The concept behind a home kit is simple and is similar to how doctors quickly detect strep throat and flu: A paper strip could swab a saliva as a nasal sample and return a positive or negative result within 15 minutes. Otherwise, their children could swap and find out if they were contagious before deciding if they should be sent to school. Students, colleagues, and anyone who would go to a restaurant or an event would also benefit from such tests.
“These have so much promise because they can help completely crush the infections,” said Dr. Michael Mina, an assistant professor of epidemiology at the Harvard TH Chan School of Public Health. “If we can all get the number of our cases very low, everyone is safer.”
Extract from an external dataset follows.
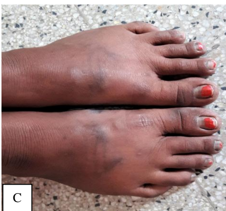
Figure 1: (A) Linear hyperpigmented streaks over neck, (B) left shoulder and (C) dorsum of bilateral feet.

But without these new options, Mina and other scientists said, the country will continue to be hoarded by the current system that requires tests sent to a lab for processing. Critics say the system was never designed to handle the massive load of coronavirus tests, which has led to delays of more than a week in getting results.
Mina joined various public health experts by promoting screening at home, known as antigen testing, on social media, and chiding regulators for their new rules.
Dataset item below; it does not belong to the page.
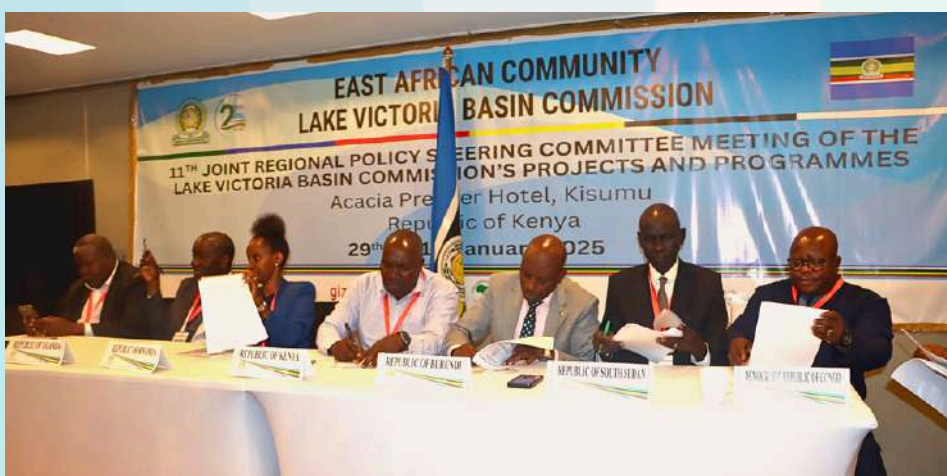
Permanent, Principal and Under Secretaries from the EAC Partner States sign report after the conclusion of the 11 th JRPSC meeting in Kisumu on January 31 st .

On Friday, a frustrated Mina revealed that he had talked to companies about the possibility of no longer waiting for FDA approval and “just producing hundreds of thousands or millions” of these tests, with the caveat that they are only used for large-scale studies.
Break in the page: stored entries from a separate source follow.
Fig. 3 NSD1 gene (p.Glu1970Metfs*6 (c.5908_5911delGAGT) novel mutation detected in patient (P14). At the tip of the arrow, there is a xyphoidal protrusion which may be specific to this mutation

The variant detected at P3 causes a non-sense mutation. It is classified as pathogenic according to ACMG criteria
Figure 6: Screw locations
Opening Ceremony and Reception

“I’m talking to governors and senators and members of Congress, and they’re writing letters to the FDA, so this is moving,” Mina said. “There’s a lot of pressure right now from all walks of life, trying to get these things right and the FDA crawling on it.”
But the FDA has so far been clear of the debate.
The system in widespread use now, known as molecular testing, requires a multistep laboratory process to extract genetic material from a nasal or saliva sample, amplify it and look for signs of the coronavirus. In contrast, rapid antigen tests simply detect specific proteins on the surface of the virus, a process that does not require time-consuming laboratory equipment. But they can miss infections and produce more false negative findings, especially among people who do not have heavy loads of the virus.
Furthermore, scientists find that people with COVID-19 are generally most infected the first week or so after being exposed to coronavirus and often before they have symptoms. But patients often see waiting times to test, and although molecular tests can still detect traces of virus and return a positive finding, the result may well pass the time many people are infected.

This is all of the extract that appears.